On the other hand, the fact that mean drug exposure time in patients whose treatment was suspended was 30 days coincides with the recommendation in the summary of product characteristics that treatment is to be discontinued after 4 weeks in patients with refractory disease.8 Use of this initial trial period optimises the benefits of the drug since it allows us to identify patients for whom a favourable response, without side effects, may be expected.

The optimum maintenance dose for the patients in our study, 5 sprays/day, was lower than that described by Notcutt et al.14 (8.25 sprays/day) or by Novotna et al.10 (8.3 sprays/day). None of our patients exceeded 12 sprays/day, which is in line with instructions in the summary of product characteristics.8 On this subject, we must stress that since the study was retrospective, we could not control concomitant use of antispasmodics. This situation may be a confounder given that it did not remain stable throughout the study. In any case, 48% of the patients did not take additional antispasmodic drugs, and this percentage is lower than that described in the 6E study (57%).

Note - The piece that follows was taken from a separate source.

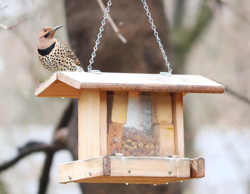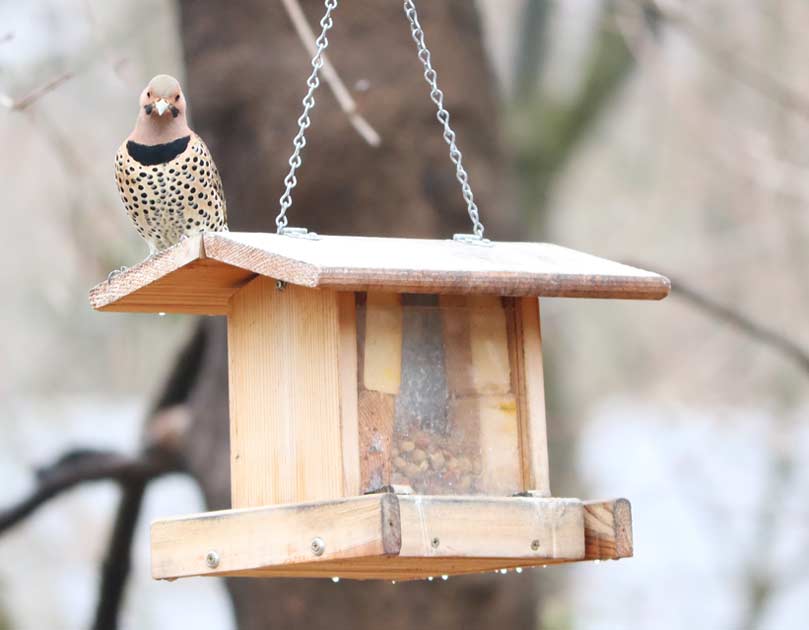 Northern flicker is back for more. The bird spent a long time on the suet feeder.

Regarding safety, our 52% incidence of adverse events was lower than the rate of 84% found in a meta-analysis of all patients from 5 controlled and randomised clinical trials.15 However, it is similar to the 53% rate present in the clinical trial by Novotna et al.10 This is because that trial and our study both employed gradual up-titration, and this practice is associated with lower rates of adverse effects compared to those found in other clinical trials. These studies also showed similar profiles for adverse events; effects were typically dose-dependent, and they included mild or moderate dizziness in the first few weeks of treatment that could be managed by adjusting the dose correctly. None of the patients in whom treatment was suspended due to poor tolerance presented severe adverse effects. The typical psychotropic effects associated with consumption of cannabis as a recreational drug appeared only infrequently, as was also the case in the clinical trials. Furthermore, our series did not contain any cases at risk for drug tolerance, abuse, or addiction.

None of the study variables was identified as having a statistically significant effect on the appearance of adverse effects.

While mindful of the limitations intrinsic to a small and heterogeneous case series, we would point out that the study has the advantage of presenting daily clinical practice outside the highly controlled context of clinical trials. In conclusion, the THC/CBD combination proved itself a good alternative to usual treatments in our study, and it improved symptoms of refractory spasticity in MS patients with an acceptable toxicity profile. Prospective studies are needed to confirm our results and help identify response and safety markers for treatment with THC/CBD.

The authors have no conflicts of interest to declare.